I can say that the Dadant coverall type suit is hornet proof. I had a swarm call a few wks ago that ended up being "baldies". They were in a big Tulip tree with a bad case of Tulip scale. I had never seen that before so I climbed up to check it out. I don't know if honeybees go after that stuff but the hornets sure did like it. A few of them tried to get me but couldn't get through the suit.


----------



## magnet-man

I loaned a suit to a co-worker to remove a nest from his father's house. I will ask him tomorrow if any tried to sting him.

Did some research and found this picture of one. I don't have anything to really judge scale, but that is one scary stinger. http://www.free-yellowjacket-removal.com/stinger.jpg


----------



## Rohe Bee Ranch

If that pin isn't going through it's heart it will still come back to sting you. :lpf:

I really hate yellow jackets.


----------



## EastSideBuzz

bamindy said:


> I can say that the Dadant coverall type suit is hornet proof. A few of them tried to get me but couldn't get through the suit.


I don't think any suit is stinger proof. But, they go along way toward it. I got stung on my ankle through my sock before I started wearing boots.


----------



## bfriendly

I have been stung by bald faced hornets through a bee suit. They are very persistent. I had maybe 50+ on me and got stung about 3-5 times, where the beesuit touched my skin when creased/ etc (arms, I believe)...

The problem is that they pack a pretty good punch or at least I have no tolerance built up... The stings really itch...


----------



## Reid

BFH's bite and sting a the same time so you're bleeding and swelling up at the same time. The bite is like a horsefly would give you.

When I used to work in the woods of western Washington I'd run into BFH (or yellow jackets) nests almost daily. I stopped counting after I had been stung 300 times (37 was the most at one time). They would sting me through loose fitting denim pants if they couldn't get to my arms or face. But, they don't get you as well and you're not bleeding (no place to bite skin). 

So, like bfriendly said, they can sting through the suit and will get you if your skin is up against the fabric. 


~Reid


----------



## Truchaos

bamindy said:


> I can say that the Dadant coverall type suit is hornet proof.

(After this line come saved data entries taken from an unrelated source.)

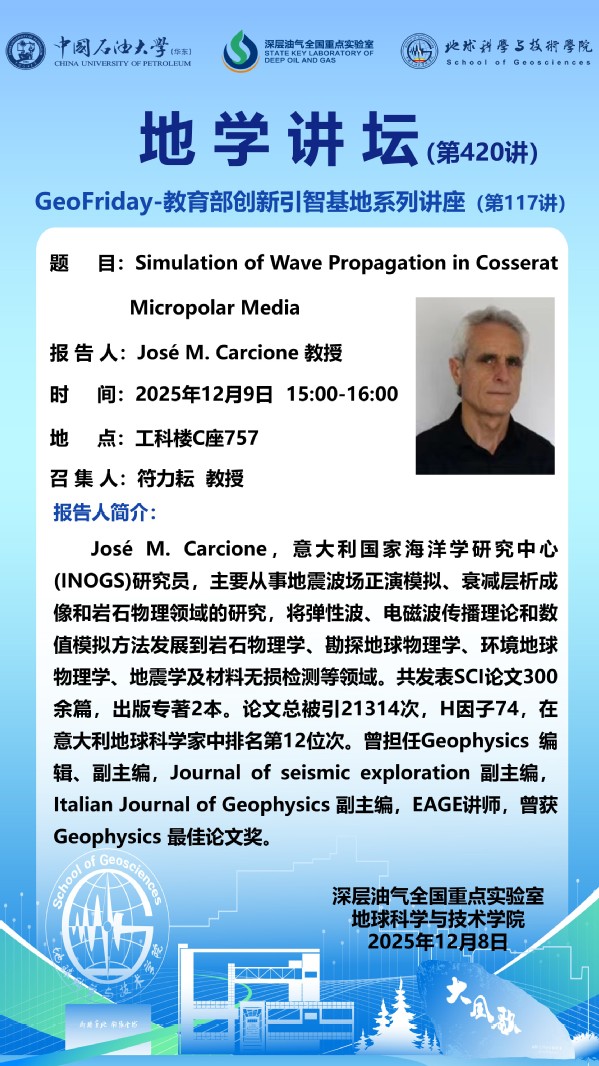 【地学讲坛第420讲】关于José M. Carcione 教授《Simulation of Wave Propagation in Cosserat Micropolar Media》学术报告的通知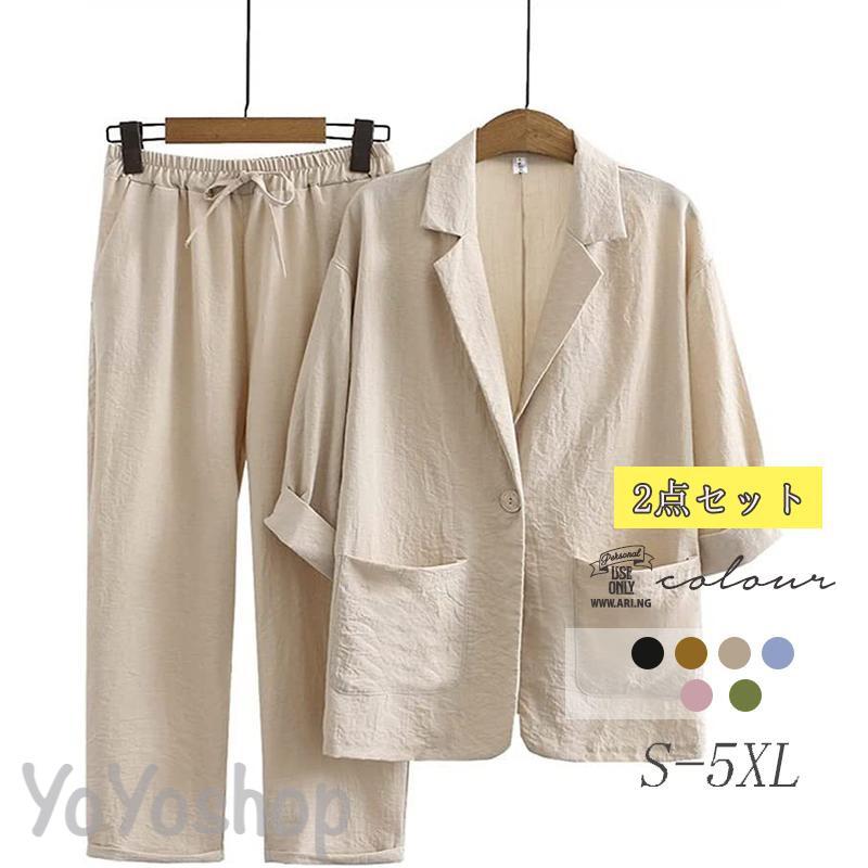 テーラードジャケット レディース 綿麻 2点セットリネン 春服 夏服 通勤 薄手 ビジネス サマージャケット フォーマル 卒業式 面接 スーツジャケット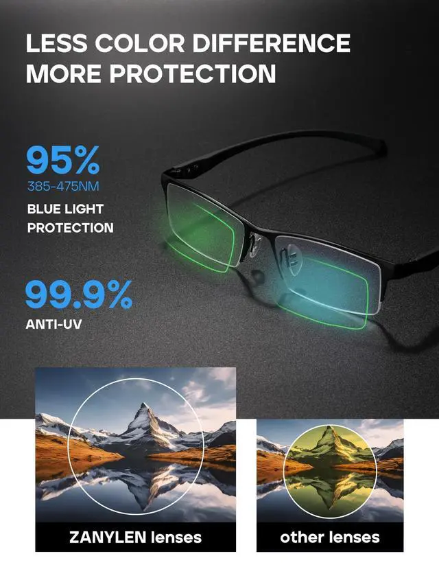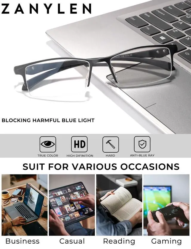 Best Blue Light Glasses for MenZanyLen semi rimless rectangular blue light blocking glasses are made of durable, comfortable metal and TR90. The rectangle design fits round-shaped face, rectangular-shaped face, oval-shaped face and square-shaped face. Adjustable silicone air cushion nose pads are comfortable for wearing. This is a great blue light glasses for men who playing computer gaming for long hours.

I don't want to sound disrespectful, but I would be seriously concerned about using the Dadant full coverall suit with hornets. Their suit isn't even honeybee proof (are any?). Both my nephew and I have Dadant suits and we get stung through the suits all the time. Back in August, we did about three hours of hive inspections and I was stung not once but six times through a Dadant suit. Admittedly one of the stings wasn't the suit's fault. I leaned forward and my chin touched the veil and a bee stung me through the veil so that was my fault. 

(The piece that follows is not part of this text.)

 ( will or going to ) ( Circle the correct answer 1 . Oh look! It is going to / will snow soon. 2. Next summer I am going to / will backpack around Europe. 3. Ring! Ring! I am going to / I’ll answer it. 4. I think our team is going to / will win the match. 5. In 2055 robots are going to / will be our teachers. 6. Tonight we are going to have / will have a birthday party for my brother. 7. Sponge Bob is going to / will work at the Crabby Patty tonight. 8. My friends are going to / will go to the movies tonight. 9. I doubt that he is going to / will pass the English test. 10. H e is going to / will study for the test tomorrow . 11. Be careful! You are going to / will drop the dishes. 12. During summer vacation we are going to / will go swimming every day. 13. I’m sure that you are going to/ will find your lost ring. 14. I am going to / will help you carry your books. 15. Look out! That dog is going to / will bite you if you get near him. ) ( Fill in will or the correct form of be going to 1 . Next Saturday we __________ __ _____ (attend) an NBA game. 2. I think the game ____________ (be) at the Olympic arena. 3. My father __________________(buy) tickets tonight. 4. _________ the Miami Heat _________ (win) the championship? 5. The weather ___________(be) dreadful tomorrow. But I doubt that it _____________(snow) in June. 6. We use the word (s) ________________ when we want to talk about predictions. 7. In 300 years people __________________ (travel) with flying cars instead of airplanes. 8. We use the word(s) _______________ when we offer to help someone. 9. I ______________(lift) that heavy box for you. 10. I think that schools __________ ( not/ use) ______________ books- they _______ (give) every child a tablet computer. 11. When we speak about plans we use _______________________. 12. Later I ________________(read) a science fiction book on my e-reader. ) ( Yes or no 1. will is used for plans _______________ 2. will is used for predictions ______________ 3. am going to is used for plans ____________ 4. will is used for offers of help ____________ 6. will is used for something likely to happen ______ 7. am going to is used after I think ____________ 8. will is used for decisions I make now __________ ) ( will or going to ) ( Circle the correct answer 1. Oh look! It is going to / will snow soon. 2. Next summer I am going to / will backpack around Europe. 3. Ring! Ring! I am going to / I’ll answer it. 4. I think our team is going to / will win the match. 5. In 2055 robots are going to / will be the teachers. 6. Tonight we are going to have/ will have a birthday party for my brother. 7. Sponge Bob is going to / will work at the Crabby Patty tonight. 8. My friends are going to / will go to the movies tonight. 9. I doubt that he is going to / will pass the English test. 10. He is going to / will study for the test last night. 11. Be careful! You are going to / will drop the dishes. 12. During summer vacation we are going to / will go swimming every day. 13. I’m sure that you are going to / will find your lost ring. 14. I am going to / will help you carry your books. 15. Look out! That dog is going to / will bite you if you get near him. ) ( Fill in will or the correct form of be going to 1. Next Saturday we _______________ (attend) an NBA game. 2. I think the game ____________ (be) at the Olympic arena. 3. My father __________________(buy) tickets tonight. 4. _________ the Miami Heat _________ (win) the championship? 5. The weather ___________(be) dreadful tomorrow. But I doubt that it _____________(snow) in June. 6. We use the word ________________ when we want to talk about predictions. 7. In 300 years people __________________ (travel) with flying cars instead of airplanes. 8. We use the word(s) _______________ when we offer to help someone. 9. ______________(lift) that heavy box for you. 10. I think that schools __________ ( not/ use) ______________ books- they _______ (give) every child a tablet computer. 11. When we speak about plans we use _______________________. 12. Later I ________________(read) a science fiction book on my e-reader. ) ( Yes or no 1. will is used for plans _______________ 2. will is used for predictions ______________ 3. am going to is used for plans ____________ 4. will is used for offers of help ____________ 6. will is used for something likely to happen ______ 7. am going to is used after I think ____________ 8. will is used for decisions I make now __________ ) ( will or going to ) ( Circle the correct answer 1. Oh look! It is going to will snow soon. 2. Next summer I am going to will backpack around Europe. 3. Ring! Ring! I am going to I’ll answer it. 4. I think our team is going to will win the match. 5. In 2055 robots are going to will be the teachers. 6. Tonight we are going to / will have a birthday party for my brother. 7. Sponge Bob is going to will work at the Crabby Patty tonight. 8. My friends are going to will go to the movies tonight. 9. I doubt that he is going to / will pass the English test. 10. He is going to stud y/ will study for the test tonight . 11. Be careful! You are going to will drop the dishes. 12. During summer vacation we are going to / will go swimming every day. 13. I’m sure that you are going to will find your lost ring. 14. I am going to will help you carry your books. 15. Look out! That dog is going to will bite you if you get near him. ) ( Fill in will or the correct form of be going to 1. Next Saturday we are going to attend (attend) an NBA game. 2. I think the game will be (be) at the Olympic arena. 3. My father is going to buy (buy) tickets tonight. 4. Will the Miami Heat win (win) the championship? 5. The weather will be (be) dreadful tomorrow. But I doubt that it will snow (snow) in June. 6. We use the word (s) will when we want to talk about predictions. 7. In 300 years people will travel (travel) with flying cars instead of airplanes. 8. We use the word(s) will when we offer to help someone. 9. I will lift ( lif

Honeybee stings don't bother me much, but I've been stung by bald faced hornets before and they scare the heck out of me. There is absolutely NO WAY I would intentionally wear a Dadant suit as protection against bald faced hornets.


----------



## EastSideBuzz

My Mann Lake suits are pretty thick and I have never been stung through them. They got my ankle witch was not covered by the suit. It is an extremely thick suit.


----------



## Rohe Bee Ranch

You might want to check this suit out. It looks rather impressive and is said to protect you from even Japanese Hornets. Wear one of these to your next swarm capture and you won't be bothered by people coming up to you to get a better look at the bees. :lpf:

http://www.7tak.co.jp/z_alf_hati.htm


----------